# Is my GPA too low for Film School?



## AK006 (Dec 4, 2020)

I have an extremely low GPA i.e 1.7 from my undergraduate. But I have extensive 6 years of work experience, working in front of the camera as well as behind the camera for leading brands such as Coke, Honda, Suzuki, etc.

I want to know if I work hard on my GRE, and write an amazing SOP. Do I stand any chance for any top film schools such as USC, LMU, Chapman, CalArts, etc?


----------



## Chris W (Dec 4, 2020)

If you sort by accepted applications and GPA in our tracker someone got accepted with a 1.37 GPA:






						Film School Application Database
					

A database of thousands of film school applications to calculate acceptance rates to film programs and the minimum GPAs, minimum SAT and GRE scores, experience of accepted applicants, and much more....



					www.filmschool.org
				




Check out this article too:














 Film School MFA Acceptance Rates, Minimum GPAs, Decision Dates, and more... (2020 stats)


					People often ask "What is the minimum GPA for USC film school?" Or "What is the acceptance rate of NYU film school?"

The problem is that Film Schools are often very tight lipped and secret about their acceptance rates and the minimum GPAs that they accept. However thanks to the over 3,200...
				


Chris W
Dec 15, 2018
Comments: 26
Category: Applying to Film School






So I'd say it's not impossible but you're really going to have to hit your personal statement and application OUT OF THE PARK. It's definitely a hurdle to overcome.


----------



## AK006 (Dec 4, 2020)

Chris W said:


> If you sort by accepted applications and GPA in our tracker someone got accepted with a 1.37 GPA:
> 
> 
> 
> ...



What's your view on school such as NYFA ? 
I believe they don't consider GPA as a factor in selection process, if I am not mistaken.


----------



## Chris W (Dec 4, 2020)

AK006 said:


> What's your view on school such as NYFA ?
> I believe they don't consider GPA as a factor in selection process, if I am not mistaken.

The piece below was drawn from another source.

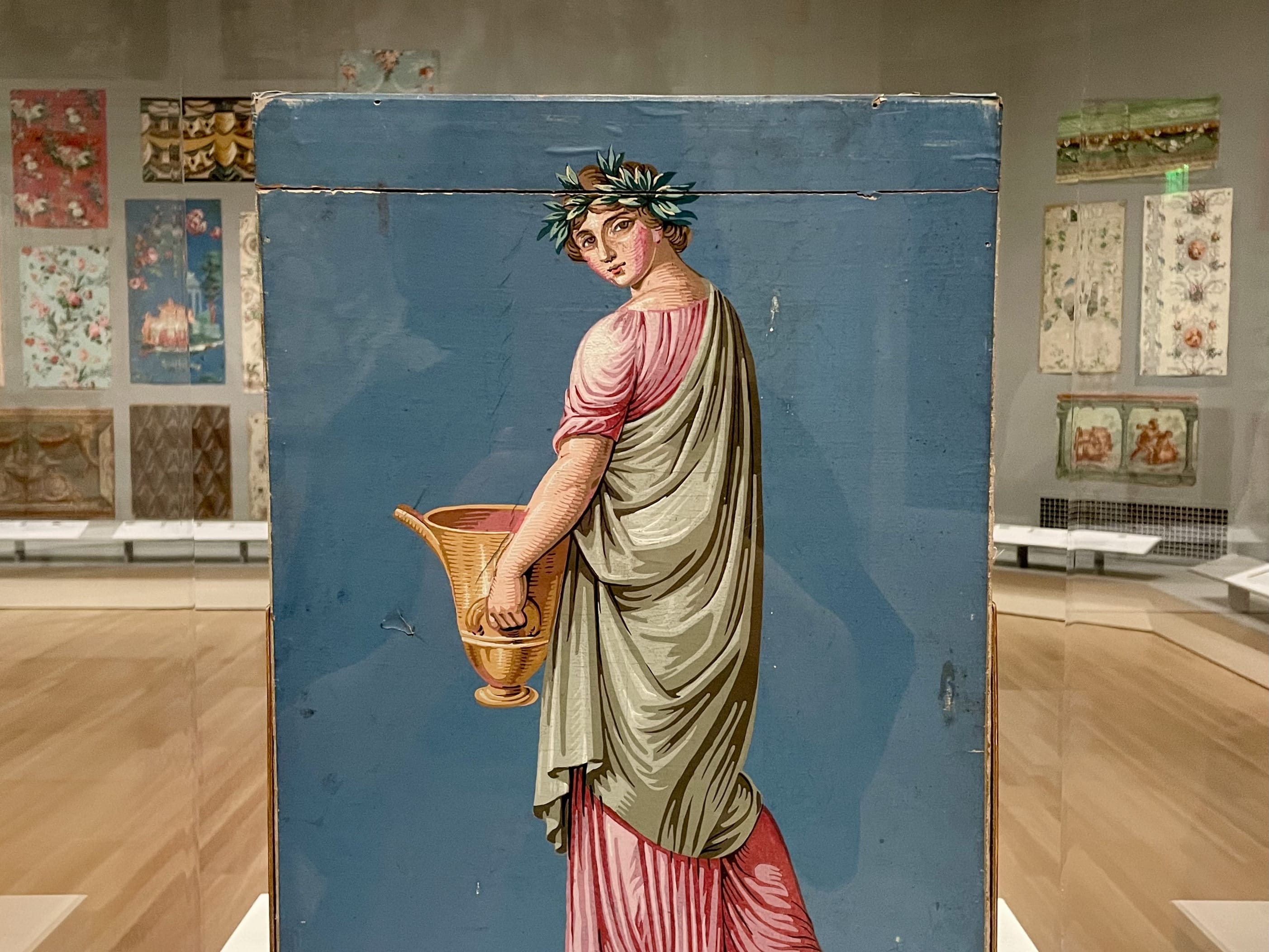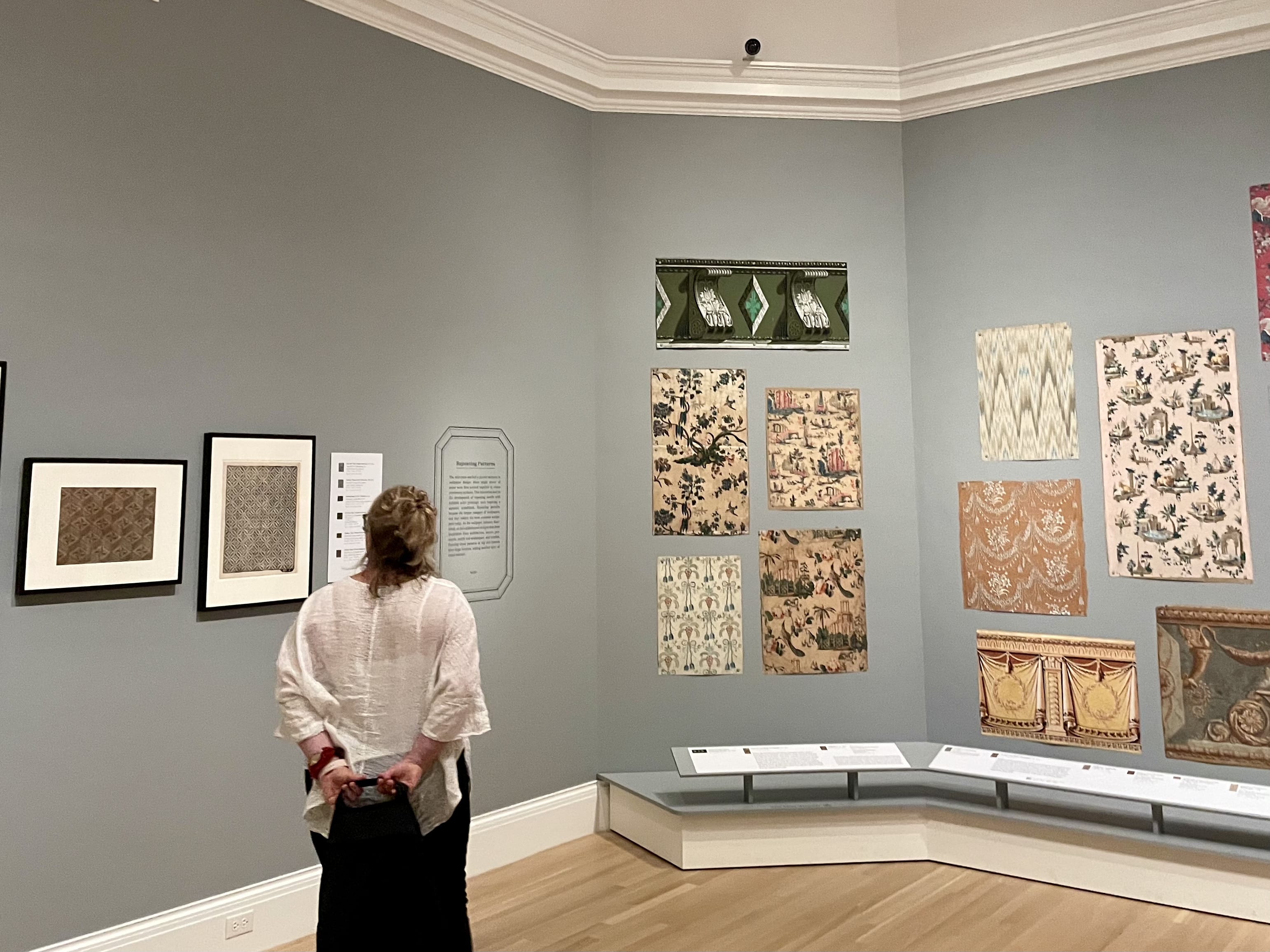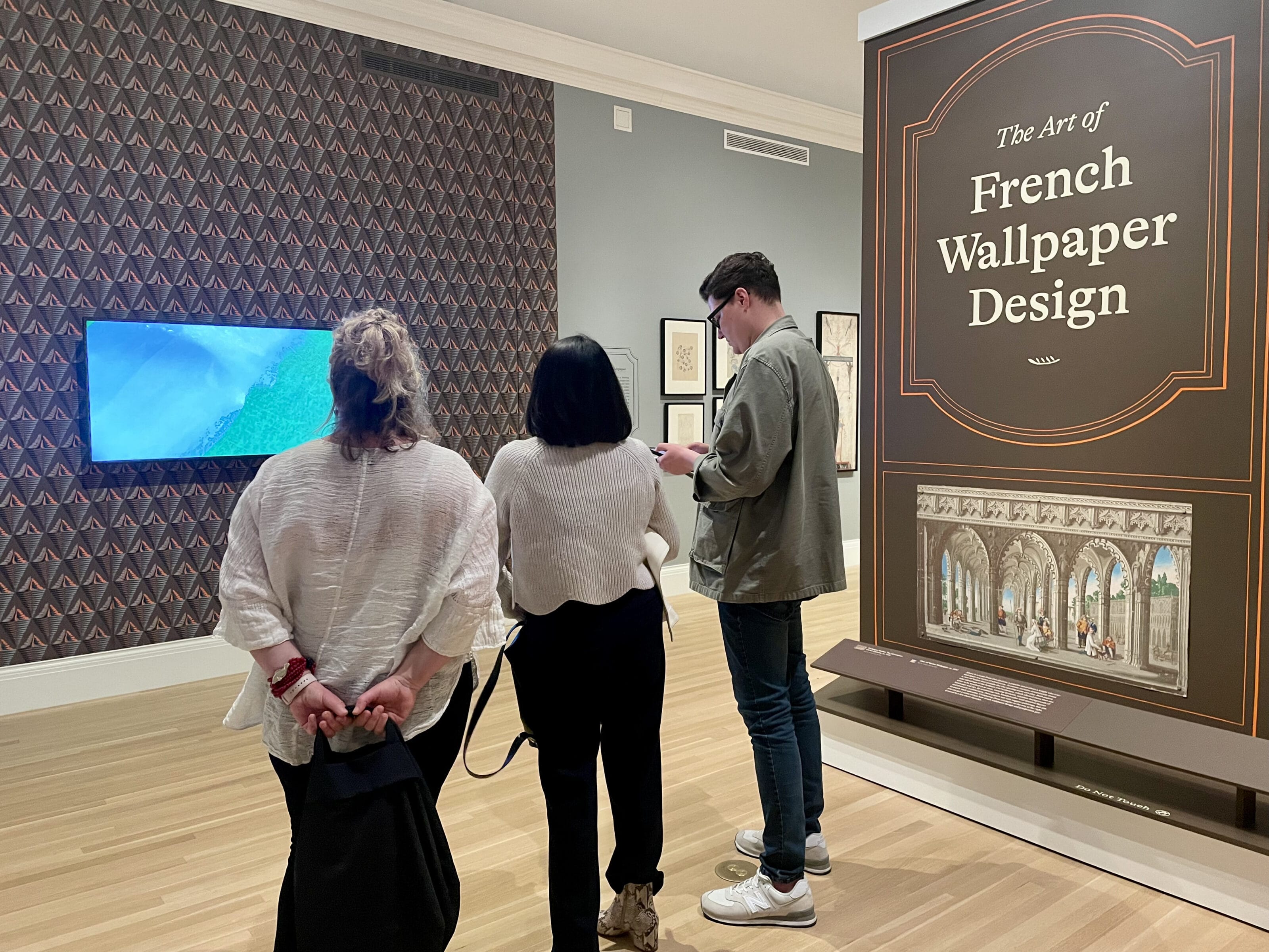 Last week, CoDesign Collaborative members, with Board and Council leadership took the train to Providence to visit The Art of French Wallpaper Design at the RISD Museum before it closed on May 12, 2025. The exhibition explored the vibrant and surprising designs that adorned walls in the 1700s and 1800s, presenting more than one-hundred rare and striking samples of salvaged wallpapers, borders, fragments, and design drawings. Our group was taken by the creative process and technical skills involved in producing the wallpaper panels, from wood block engraving to hand painting neoclassical architectural fantasies, lush florals, and exotic vistas. The decorative, storytelling backdrops bridged fine art and industrial design.

I've heard mixed reviews but those were from a long time ago.


----------



## AK006 (Dec 4, 2020)

Chris W said:


> If you sort by accepted applications and GPA in our tracker someone got accepted with a 1.37 GPA:
> 
> 
> 
> ...


The last time i.e July 2020. I emailed all the following universities individually to clear my doubt regarding GPA requirements, these are the responses I got - 


USC - 

No GRE
The higher the GPA, the better the chances
AFI -

No GPA but nevertheless we require transcripts, not to see your GPA but to see if you are responsible and hardworking
No GRE
UCLA -

Minimum 3.0 GPA, if less then have to take GRE
CalArts - 

No GPA
No GRE
Chapman - 

No GPA
No GRE
Emerson -

No GPA
No GRE
LMU -

Most applicants have 3.0 above GPA
If GPA less then 3.0, then have to take GRE
Columbia - 

No GPA
No GRE


----------



## Abbey Normal (Dec 4, 2020)

AK006 said:


> I have an extremely low GPA i.e 1.7 from my undergraduate. But I have extensive 6 years of work experience, working in front of the camera as well as behind the camera for leading brands such as Coke, Honda, Suzuki, etc.
> 
> I want to know if I work hard on my GRE, and write an amazing SOP. Do I stand any chance for any top film schools such as USC, LMU, Chapman, CalArts, etc?

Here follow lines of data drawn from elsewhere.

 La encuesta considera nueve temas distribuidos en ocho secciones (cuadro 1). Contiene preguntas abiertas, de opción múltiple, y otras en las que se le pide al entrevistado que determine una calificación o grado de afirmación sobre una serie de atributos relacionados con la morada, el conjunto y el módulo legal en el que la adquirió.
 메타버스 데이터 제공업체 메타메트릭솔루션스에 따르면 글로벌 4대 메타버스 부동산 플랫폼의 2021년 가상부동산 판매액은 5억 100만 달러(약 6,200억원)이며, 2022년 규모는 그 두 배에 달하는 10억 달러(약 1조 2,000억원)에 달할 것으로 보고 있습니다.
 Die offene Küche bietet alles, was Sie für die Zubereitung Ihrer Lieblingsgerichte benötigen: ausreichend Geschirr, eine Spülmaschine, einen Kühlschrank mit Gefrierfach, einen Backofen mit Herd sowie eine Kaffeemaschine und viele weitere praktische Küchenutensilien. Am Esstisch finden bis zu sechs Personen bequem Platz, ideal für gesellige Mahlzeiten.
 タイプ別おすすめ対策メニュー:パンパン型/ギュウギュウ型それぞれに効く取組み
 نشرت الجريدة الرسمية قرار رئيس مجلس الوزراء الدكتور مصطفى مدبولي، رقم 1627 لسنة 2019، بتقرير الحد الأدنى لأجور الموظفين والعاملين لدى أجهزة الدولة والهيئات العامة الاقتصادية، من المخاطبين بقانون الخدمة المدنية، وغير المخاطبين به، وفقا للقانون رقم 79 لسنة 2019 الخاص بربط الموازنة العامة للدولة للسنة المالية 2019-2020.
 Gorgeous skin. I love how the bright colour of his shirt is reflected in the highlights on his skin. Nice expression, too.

A 1.7 GPA is low. Is there any way to take additional classes and bring it up to at least a 2.5? Perhaps do a post-bac, which I know is common for people entering the health field. Then again, that's an additional 2 years. But it looks like you have some legit hands-on experience so that could certainly help. And if you have a stellar SOP and incredible references that could work in your favor. Are you going for cinematography? If so, check out AFI.


----------



## AK006 (Dec 4, 2020)

Abbey Normal said:


> A 1.7 GPA is low. Is there any way to take additional classes and bring it up to at least a 2.5? Perhaps do a post-bac, which I know is common for people entering the health field. Then again, that's an additional 2 years. But it looks like you have some legit hands-on experience so that could certainly help. And if you have a stellar SOP and incredible references that could work in your favor. Are you going for cinematography? If so, check out AFI.


I want to go for editing.


----------



## KeenanDK (Mar 4, 2021)

1.7 is too low for any school. I'm not gonna lie and sugar coat it, but for all intents and purposes, that's a failing grade. 

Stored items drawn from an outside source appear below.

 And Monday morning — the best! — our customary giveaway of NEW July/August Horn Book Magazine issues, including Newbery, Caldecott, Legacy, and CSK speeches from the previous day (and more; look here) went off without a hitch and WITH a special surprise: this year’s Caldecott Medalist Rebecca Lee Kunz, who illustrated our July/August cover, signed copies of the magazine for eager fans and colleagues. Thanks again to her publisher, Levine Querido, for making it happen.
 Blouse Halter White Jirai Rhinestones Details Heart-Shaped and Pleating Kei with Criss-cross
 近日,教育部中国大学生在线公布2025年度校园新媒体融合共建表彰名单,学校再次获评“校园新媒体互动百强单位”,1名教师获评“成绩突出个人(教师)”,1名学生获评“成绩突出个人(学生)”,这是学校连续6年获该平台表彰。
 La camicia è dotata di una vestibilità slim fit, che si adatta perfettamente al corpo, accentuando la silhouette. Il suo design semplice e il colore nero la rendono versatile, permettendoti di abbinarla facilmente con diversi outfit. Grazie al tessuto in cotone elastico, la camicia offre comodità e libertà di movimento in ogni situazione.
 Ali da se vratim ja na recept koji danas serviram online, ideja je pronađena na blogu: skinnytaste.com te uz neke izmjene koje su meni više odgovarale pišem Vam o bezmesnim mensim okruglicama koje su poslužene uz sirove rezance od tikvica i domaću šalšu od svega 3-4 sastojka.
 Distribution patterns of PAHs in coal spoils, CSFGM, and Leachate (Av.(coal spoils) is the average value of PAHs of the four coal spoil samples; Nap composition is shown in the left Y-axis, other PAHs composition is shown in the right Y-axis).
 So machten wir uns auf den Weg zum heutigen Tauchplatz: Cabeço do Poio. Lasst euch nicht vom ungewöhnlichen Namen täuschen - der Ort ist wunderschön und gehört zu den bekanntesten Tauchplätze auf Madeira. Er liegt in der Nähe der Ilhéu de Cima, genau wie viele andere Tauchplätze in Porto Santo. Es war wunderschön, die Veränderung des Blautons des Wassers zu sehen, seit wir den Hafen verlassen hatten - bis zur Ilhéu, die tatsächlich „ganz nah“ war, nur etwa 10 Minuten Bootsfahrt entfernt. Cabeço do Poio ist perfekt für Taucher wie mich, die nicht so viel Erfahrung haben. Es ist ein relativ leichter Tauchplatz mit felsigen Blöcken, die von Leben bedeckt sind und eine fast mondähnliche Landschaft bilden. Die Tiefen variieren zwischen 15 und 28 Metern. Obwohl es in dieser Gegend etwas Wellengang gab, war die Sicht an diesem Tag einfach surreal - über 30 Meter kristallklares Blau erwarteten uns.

Not to say its impossible, but I think you should consider some sort of school-type work to account for that. The schools will want to see that you have a history of performance in an academic environment. I suggest getting a certificate or something to show that you can successfully complete coursework.

Even a good SOP or resume won't demonstrate your ability to commit and succeed in an academic environment, you'll have to demonstrate that somehow. 

Don't NOT apply because of your GPA--if you want it, pursue it; but I would definitely find a way to directly address that shortcoming.


----------